TJ? Greg? Still buzzing like a molecule in hot water here. Excellent stuff, guys! (And may the soul of Mark Twain rest in its grave over me engaging in the act of (my use of the exclamation mark (“laughing at my own joke”.) But that would seem to be imperative given that we are dealing with a complex issue based on a mixed package that has, of late, taken on a lot of political relevance. Greg gets at this in:
“It IS a high wire act we are engaged in and I suppose I am only suggesting we not get carried away in either direction and reminding that thought is meant to DO something in the world.
So when Truth is attacked as the product of a self satisfied and increasingly static ‘representational’ epistemology I nod in agreement. But when the ‘truth’ of our best evidentially supported accounts are attacked (the Holocaust, climate change etc.) then I have a problem.”
And as far as I’m concerned, it will require a discourse just like this to not so much resolve the issue as get as close to resolving it as we can. And as Greg rightly points out, it is a high wire act. Plus that, I must confess that I am considering this issue for a future PN submission. So yeah, I am using you guys. Sue me when and if the article (for which I won’t get paid (gets published. That confessed, I want to start with a point made by T.J.:
“I want to defend enlightened empiricism while applying the right amount of postmodernism to keep it in check. I’m up on a high wire having a postmod panic attack. : ) Actually, I thought that Fish article we’ve been discussing does a pretty good job of showing the way to a proper balance.”
Not just Fish, but pragmatism in general –especially that of Rorty. Especially important here (the very cornerstone of it (is the role pragmatism played in James L. Christian’s philosophy textbook: The Art of Wondering. In it, he offers a dialectic between the truth test of correspondence (the equivalent of induction (and cohesion (the equivalent of deduction (and, finally, the synthesis of the pragmatic truth test: that which utilizes the advantage of both and more. In other words, whether we are using induction or deduction to prop up our arguments, it ultimately comes down to an argument that works –that seems sufficiently justified.
But the plot thickens.
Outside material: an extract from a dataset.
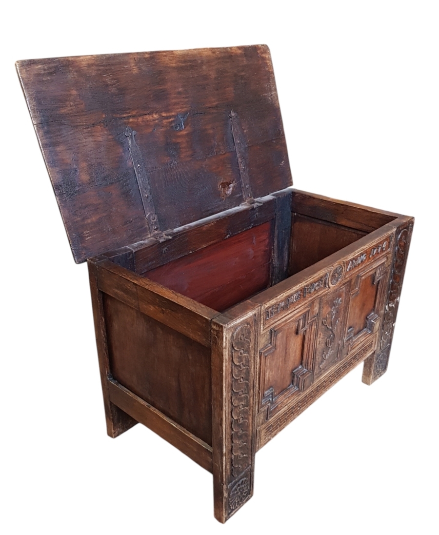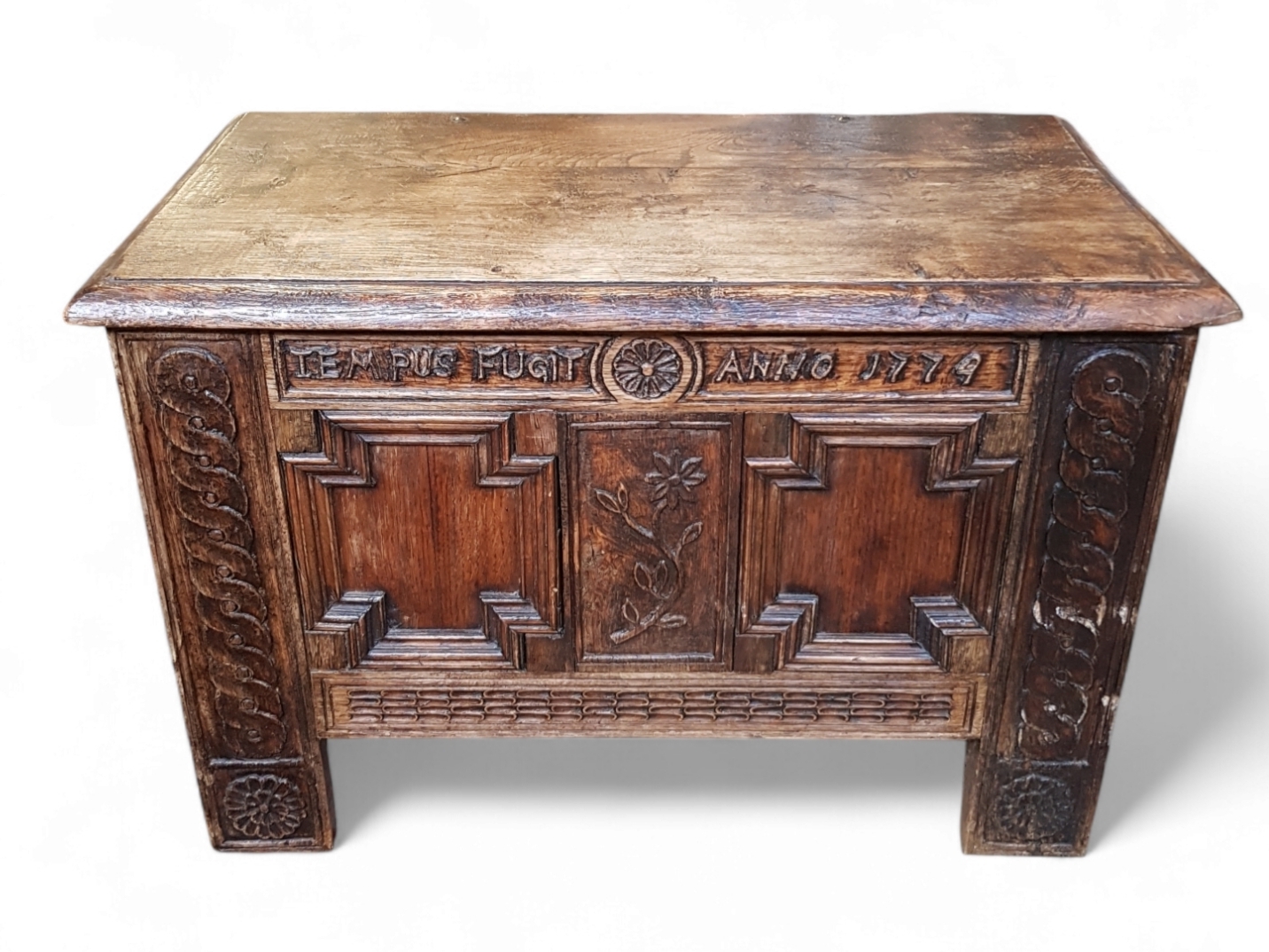 Kist in de stijl van de Noord-Nederlandse renaissance, vervaardigd uit massief eikenhout met cannelures en een ingesneden tekst decoratie. De voorzijde toont drie geometrisch ingedeelde panelen geflankeerd door rijk gestoken pilasters met krulmotieven. Boven de panelen is de tekst "Tempus Fugit Anno 1774" zichtbaar. De kist dateert uit de 19e eeuw en heeft een herkomst in Nederland. Klaar om te bieden? Registreer je nu en doe mee aan de veiling! |

It’s not just a matter of what works. It is also a matter of who it is working for and why. And we see the import of it in Greg’s (or our shared (concern with holocaust and climate change denial.
And much as we see in Rorty’s pragmatism, I agree with TJ’s assertion:
“Actually, I thought that Fish article we’ve been discussing does a pretty good job of showing the way to a proper balance.”
Once again, I have yet to read the article. But my reading of Is There a Text in This Class certainly seems to prop up TJ’s understanding. In the book, Fish basically attempts to undermine Affective Fallacy argument which points to a tendency for the reader confuse the affect of the text with the text itself. This, basically, was an attempt on the part of neo-classicists to establish that the meaning of a text was somehow fixed, that it took an EXPERT to extract that meaning that we were obligated to accept. But Fish brings the reader back into it (democratizes it (by arguing that the text only creates meaning through its relationship with the reader. And William Carlos Williams props this up with his argument that a poem is basically a machine with words: a machine that basically produces an effect on the reader.
Of course, the argument against this would be that Fish opens us to the outright relativism (if not outright nihilism (of allowing every individual to have their own interpretation of the text. But that argument would be wrong. Fish makes a chess-like move in checking this argument by pointing to the feedback-loop between the fact of the text, the writer who wrote it, the reader, and the interpretive community within which it all exists. He basically resorts to the same pragmatic fallback as every other PoMo warrior: intersubjectivity.